Practice 5: Focus Human Review on Architecture
You can't read every line. Focus on what matters most: system shape, not implementation details.
What to Review
| Review This | Not This |
|---|---|
| Service boundaries and APIs | Internal function implementations |
| State management approach | Individual state updates |
| Error handling strategy | Every try/catch block |
| Data flow between components | Data transformations within components |
| Dependency choices | How dependencies are used |
| Security boundaries | Every input validation |
Questions for Architectural Review
- Does this introduce new dependencies? Are they justified?

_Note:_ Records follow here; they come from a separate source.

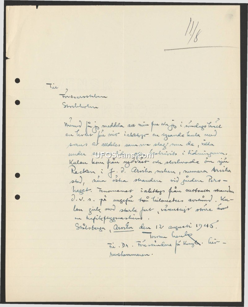 Sighting Report — Stolsberga, Sweden, August 12, 1946
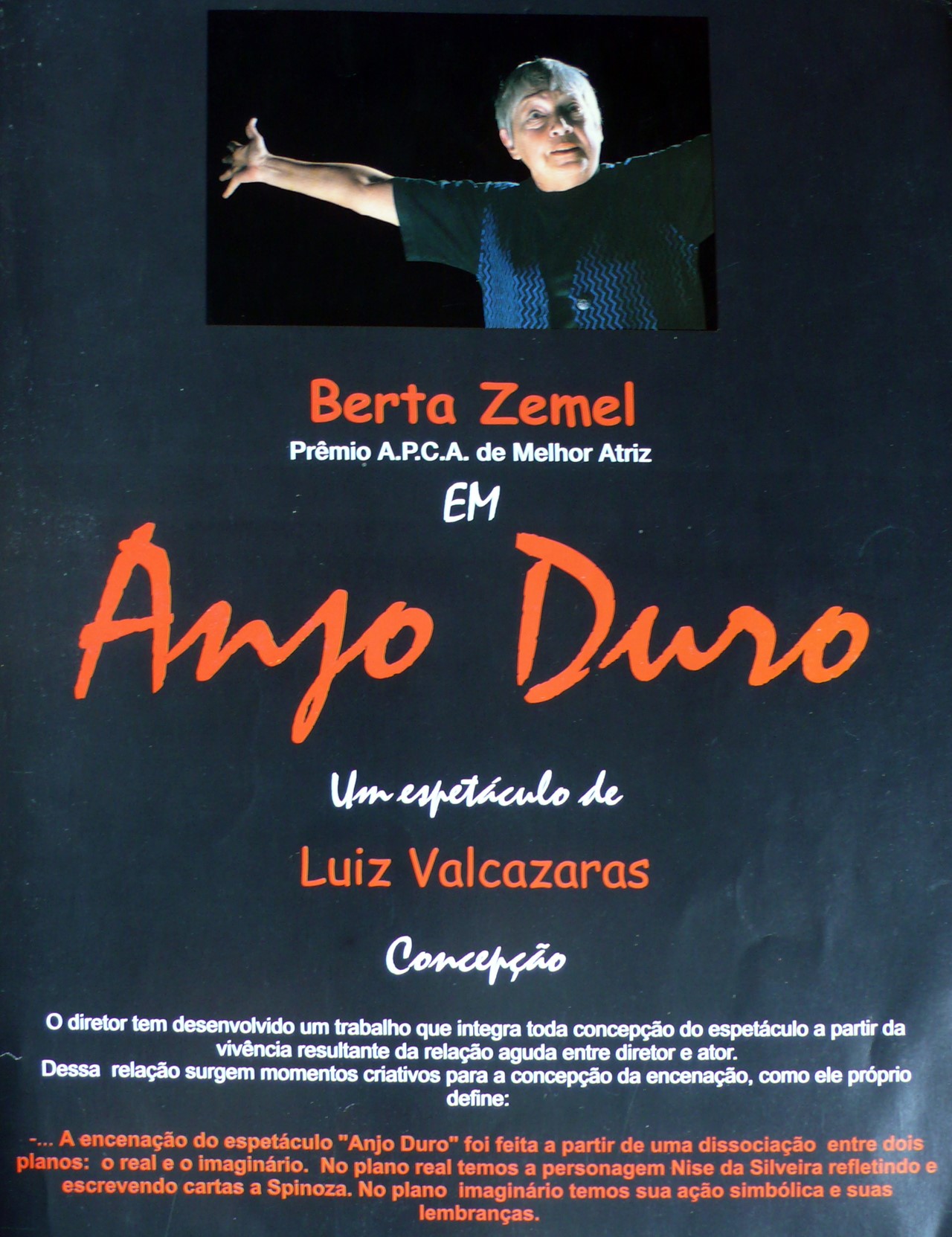 O espetáculo Anjo Duro – que rendeu a Berta Zemel o prêmio APCA de melhor atriz em 2000, e a indicação ao prêmio Shell como melhor atriz após 25 anos longe dos palcos -, volta agora em cartaz na Mostra de Inauguração do Teatro do Centro da Terra. Escrita e dirigida por Luiz Valcazaras, a peça conta a trajetória da psiquiatra Nise da Silveira, a mulher que revolucionou o tratamento psiquiátrico no Brasil ao abolir a prática comum dos eletrochoques, a acabou criando novos padrões para o entendimento do conceito de “loucura” através do uso da arte. Nise, interpretada por Berta Zemel, discute com o filósofo Spinoza, por correspondência, os subterrâneos da mente e a dificuldade do pensamento lógico em interagir com a abstração da insanidade humana.
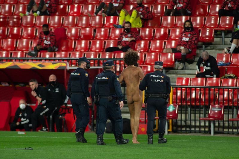全裸で公共の場所を歩き回ったり、街の有名な場所で自分の写真を撮影したりして、世界平和への願望を表しているとのことだ。確かにグラナダとマンチェスター・ユナイテッドの戦いも5分間中断を余儀なくされている。
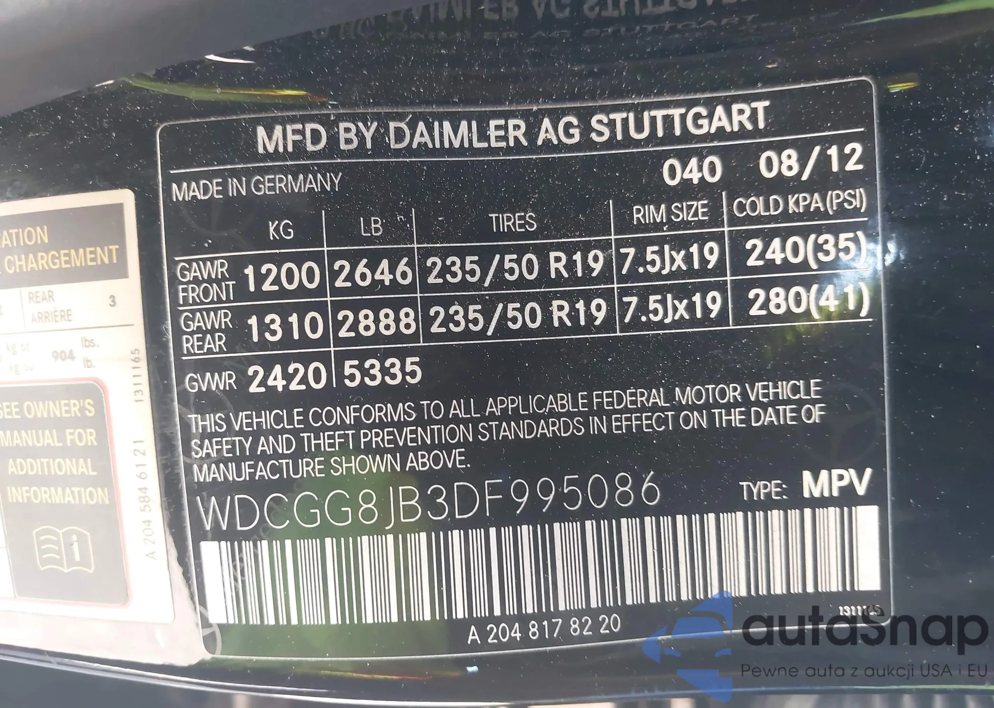 • VIN WDCGG8JB3DF995086
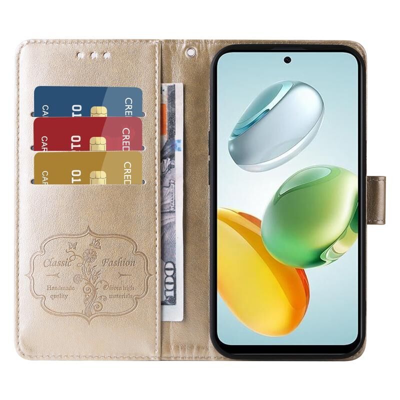 Θήκη τηλεφώνου από δέρμα με ανάγλυφα λουλούδια και πεταλούδες για Honor Play 60 Plus (Χρυσός)
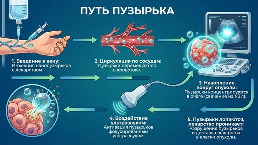 Что для вас лекарство? Таблетка? Укол? А представьте крошечный, невидимый глазу пузырек, размером в 10 раз меньше эритроцита. Он путешествует по вашему кровотоку, как подводная лодка. На его оболочку нанесено лекарство, а внутри — просто воздух. Когда он достигает цели — опухоли или больного сосуда — врач дает сигнал ультразвуком. Пузырек лопается, и лекарство взрывообразно высвобождается точно там, где нужно. Фантастика? Нет, это тераностика — одно из самых многообещающих направлений современной медицины, и российские ученые из Сколтеха уже создают такие пузырьки...
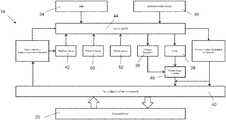 FIGS. 3-6 are block diagrams that illustrate embodiments of thetransmitter module circuit18 of the present invention that comprises various transmitter module sub-circuits. As illustrated in the embodiment shown inFIG. 3, thetransmitter module circuit18 comprises an electrical driver sub-circuit38, an electrical impedance matching ornetwork sub-circuit40 and areceiver sensing sub-circuit42. In addition, thetransmitter module circuit18, may comprise avoltage regulator36 and amaster control unit44. Alternatively, as shown, thevoltage regulator36 and themaster control unit44 may be comprised within thetransmitter host device22.
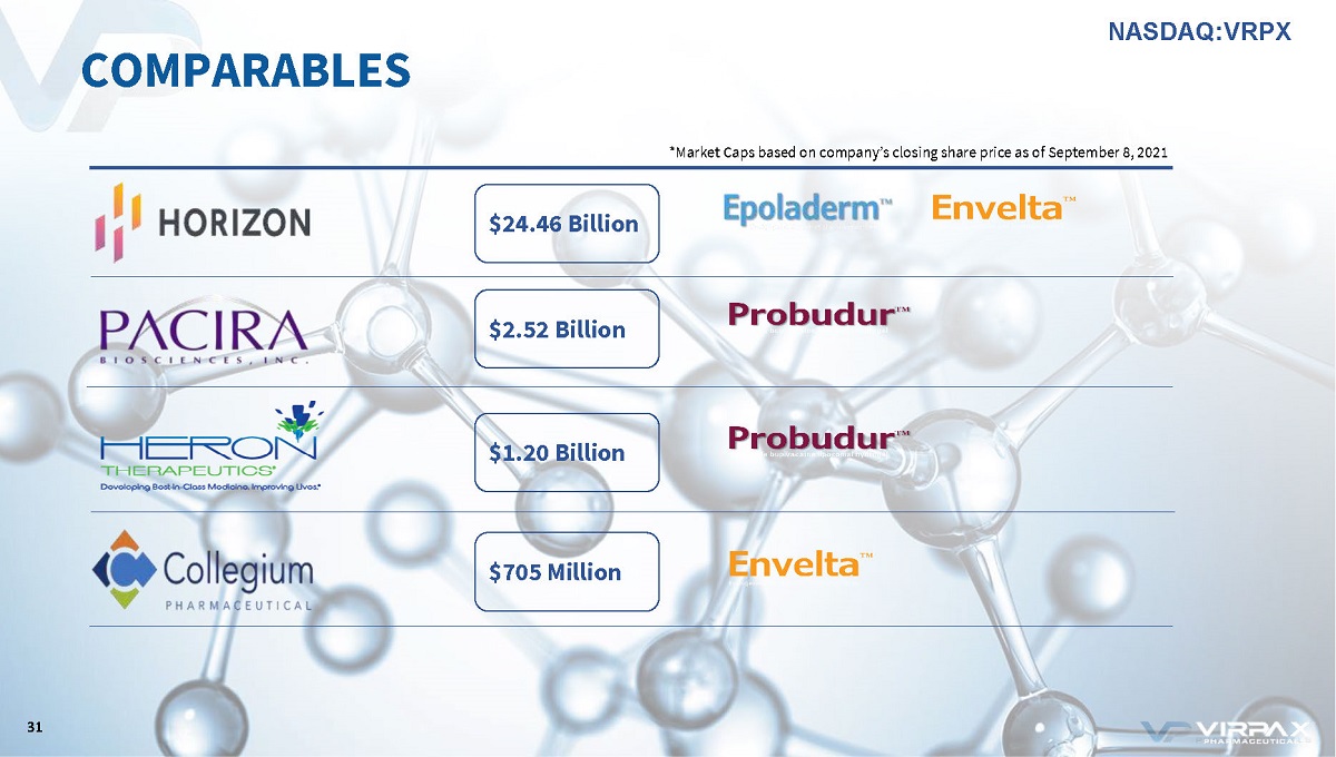 COMPARABLES *Market Caps based on company’s closing share price as of September 8, 2021 $705 Million $1.20 Billion $24.46 Billion $2.52 Billion 31 NASDAQ:VRPX
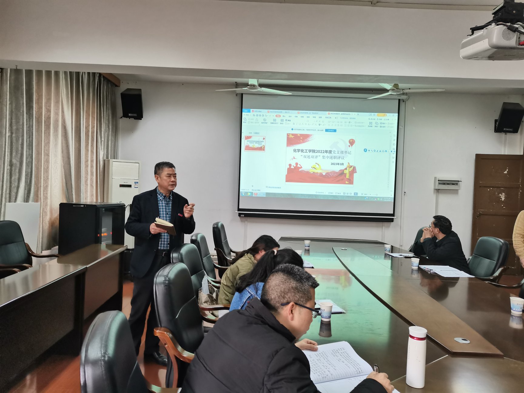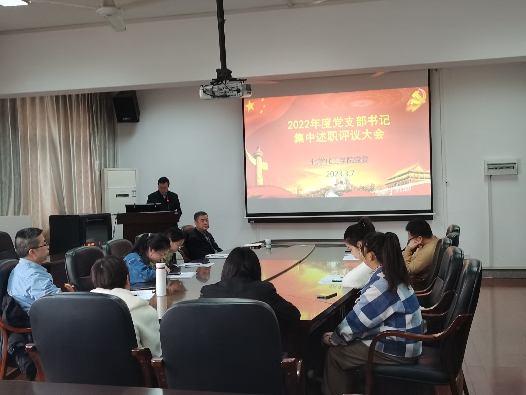 学院教工各党支部、本科生各党支部、研究生各党支部等11个党支部书记围绕学习贯彻习近平新时代中国特色社会主义思想和党的二十大精神、落实基层党建责任制和基层党建重点任务、联系服务师生、廉洁自律等情况依次进行述职。学院党委书记周文革对各位支部书记述职进行点评,他在肯定工作特色与亮点的同时,指出了各支部在党建工作中存在的问题与不足,并提出改进意见与建议。述职结束后,与会人员对支部书记进行评议测评。
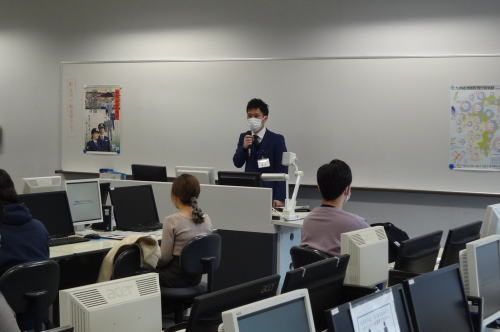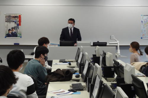 - 門司税関戸畑税関支署は、九州国際大学において、「キャリア・チュートリアル2」の1コマとして、法学部の学生約20名に対する税関講座を実施し、葭原支署長が税関の業務や役割について説明を行った。
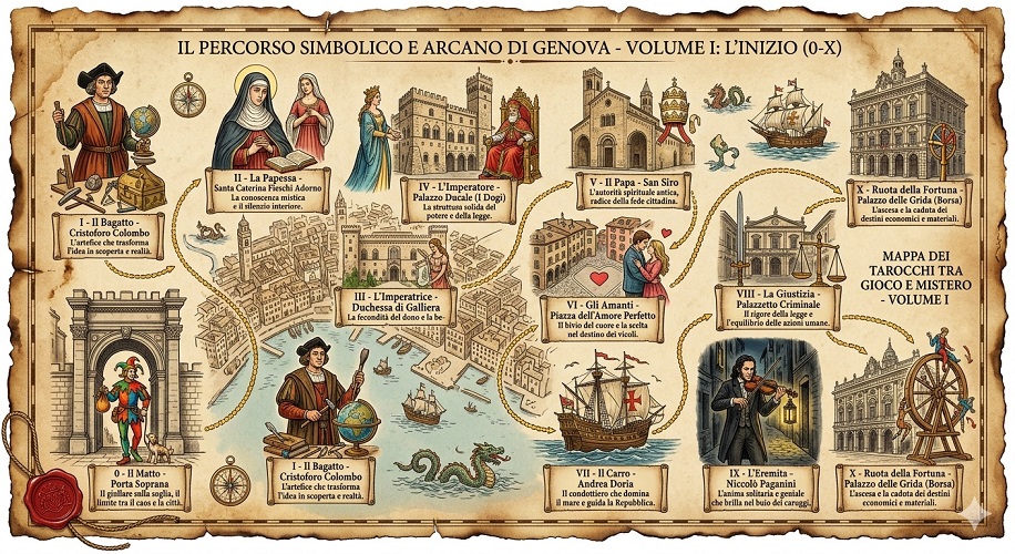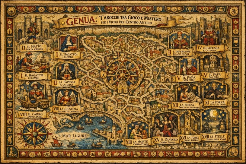 C’è una Genova che non si limita a essere guardata, ma che chiede di essere letta quasi come un libro aperto. È una città che invita a scoprire tesori d’arte e memorie stratificate nei secoli, ma che sa anche essere profondamente intrigante per chi decide di andare oltre la superficie. L’idea di questa visita guidata nasce proprio da qui: dalla voglia di proporre una passeggiata che non sia il solito tour turistico, ma un’immersione nel cuore della storia attraverso la lente dei Tarocchi.
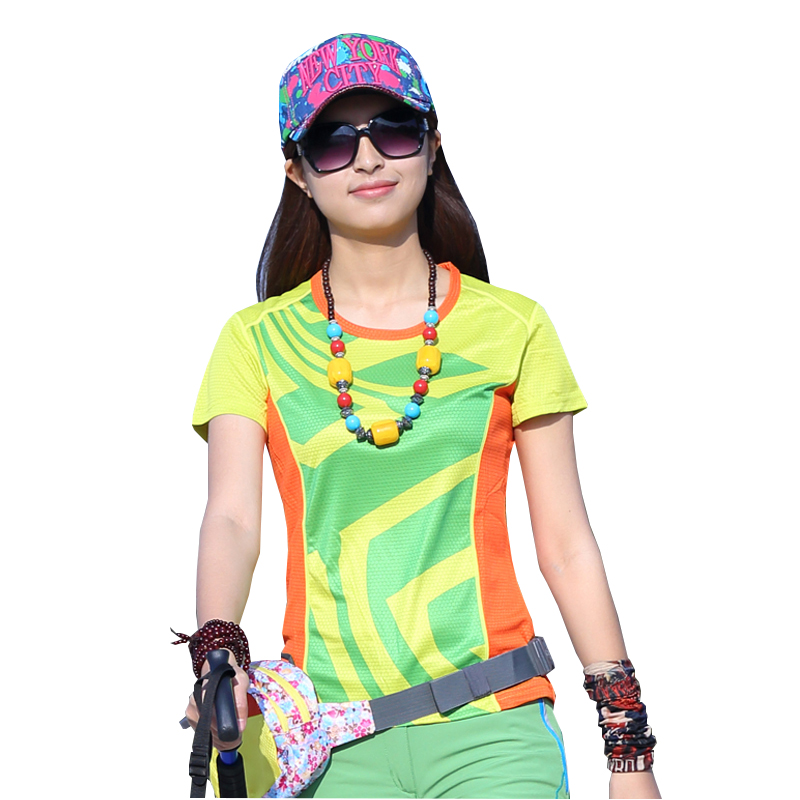 Outdoor short sleeve dry dress T-shirt woman round collar and skinny sweat and breathable fast dry sweater summer
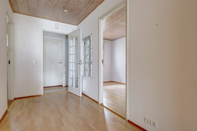 Vuonna 1985 valmistunut asunto tarjoaa 71 neliötä toimivaa tilaa yhdessä tasossa. Olohuoneessa on tunnelmallinen takka, joka tuo lämpöä ja viihtyisyyttä. Alunperin kolmioksi rakennettu asunto on muutettu tilavaksi kaksioksi, ja toisen makuuhuoneen rakentaminen on helposti toteutettavissa.

- Does this change service boundaries? Will it affect other teams?
- Does this create new state? Where does it live? How is it managed?
- Does this change failure modes? What happens when it breaks?
- Does this violate existing patterns? Consistency matters for maintainability.
Implementation details can be wrong and still get fixed easily. Architectural mistakes compound and become expensive.
Practice 6: Use Property-Based Testing
Standard unit tests check specific examples. Property-based testing generates thousands of random inputs and verifies that properties hold across all of them.
What Is Property-Based Testing?
Instead of writing:
1test('sort returns sorted array', () => {
2 expect(sort([3, 1, 2])).toEqual([1, 2, 3]);
3 expect(sort([5, 4])).toEqual([4, 5]);
4});You write:
1import { fc } from 'fast-check';
2
3test('sort returns sorted array', () => {
4 fc.assert(
5 fc.property(fc.array(fc.integer()), (arr) => {
6 const sorted = sort(arr);
7
8 // Property 1: Output has same length as input
9 expect(sorted.length).toBe(arr.length);
10
11 // Property 2: Output contains same elements
12 expect(sorted.slice().sort()).toEqual(arr.slice().sort());
13
14 // Property 3: Output is actually sorted
15 for (let i = 0; i < sorted.length - 1; i++) {
16 expect(sorted[i]).toBeLessThanOrEqual(sorted[i + 1]);
17 }
18 })
19 );
20});The framework generates hundreds of random arrays and verifies your properties hold for all of them. It finds edge cases you wouldn't think to test.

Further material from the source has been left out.